LES LECTURES D’EDI-PHIL #18 – SPÉCIAL LUC DELLISSE : Épisode 3

LE COUP DE PROJO d'EDI‐PHIL SUR LE MONDE DES LETTRES BELGES FRANCOPHONES #16 : SPÉCIAL LUC DELLISSE
Philippe Remy-Wilkin (photo : Pablo Garrigos Cucarella)

Les Lectures d’Edi-Phil

Numéro 18

Coup de projo sur le monde des Lettres belges francophones

sans tabou ni totem, bienveillant mais piquant…

 

Spécial Luc DELLISSE !

Feuilleton autour de son essai Libre comme Robinson

Le livre appelle aux commentaires, au débat, et nous avons convié en guest star nos collègues Jean-Pierre Legrand et Julien-Paul Remy.

 

 Episode 3

(du chapitre 29 et de la page 78 à la fin)

 

Rappel : ce feuilleton prolonge un article plus traditionnel paru en août dans Les Belles Phrases :

https://lesbellesphrases264473161.wordpress.com/2019/07/27/le-coup-de-projo-dedi-phil-sur-le-monde-des-lettres-belges-francophones-15/

 

(15) « Les plaisirs d’être pauvre sont très relatifs. Le vide, le rêve, le froid, l’isolement, à pleines mains. Le présent éternel. Il faut faire la part du feu. »

 

Nouveau basculement ou nouvelle inflexion. Dellisse revient à son cas personnel, va développer son histoire et jouer les cobayes. Il a vécu pauvre mais sans regrets. Des allures de dandy infortuné (ou aux fortunes évanescentes) ? Il a préféré frauder en première classe, utilisé les toilettes des grands hôtels pour se rendre présentable.

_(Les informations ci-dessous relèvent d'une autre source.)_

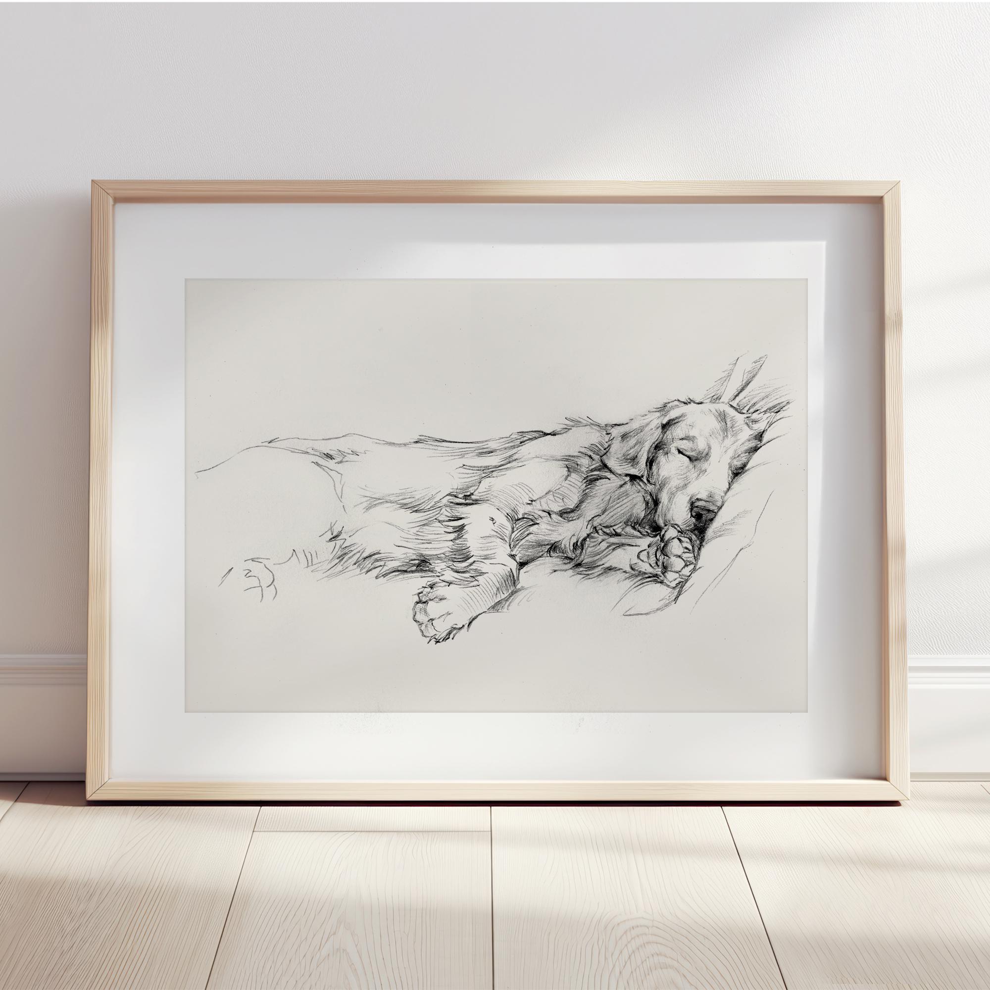 Capture the warmth and charm of your favorite companion with this exquisite golden retriever art print, titled "Dog Days", by Ethan Harper, featuring a finely detailed sketch that highlights the breed’s gentle expression and flowing fur. This elegant dog sketch brings a timeless, artistic touch to any room, setting it apart as a heartfelt pet portrait and a unique gift for dog lovers.

La débrouille, donc. Et la liberté. Avec ravissement. Sans esquiver les dangers pourtant qui l’ont guetté à l’un ou l’autre moment.

 

(16) « Le salariat (…) est d’abord un statut. (…) Si on n’a pas l’âme collective ou le sens de la culpabilité, on dépérit. »

 

Dellisse évoque les hiérarchies incompétentes (les plus nombreuses, certes), la convivialité professionnelle (qui rogne sur le temps personnel mais permet de sortir du quant-à-soi), les pertes de temps des trajets, etc. Mais. Il parle pour des gens qui ont un projet personnel à réaliser. Une œuvre à créer ? Oui, mais on peut sans doute étendre à toute idée de réalisation : ouvrir un gîte d’hôte dans une région qui vous enchante, faire un tour du monde en bateau, fonder sa société, etc.

Je le rejoins quant à son idéal de vie. Indépendante, libre et fière, arcboutée à la réalisation qui sort du fond des entrailles. Loup plutôt que chien ? Oui.

Oui, mais en théorie. En pratique ? Une grande partie des gens n’ont pas d’aspirations de ce type et ne souhaitent rien tant que de rester arrimés à des rails. La réussite des Erdogan, Poutine et autres n’a-t-elle pas à voir avec ce besoin de déléguer toute responsabilité à une personne forte qui évacue la contradiction, la remise en question et propulse dans une vie soigneusement formatée ? Ne se cachent-ils pas derrière le Système que condamne Dellisse, qui surveille et contrôle ? Et ils ont été élus. Elus.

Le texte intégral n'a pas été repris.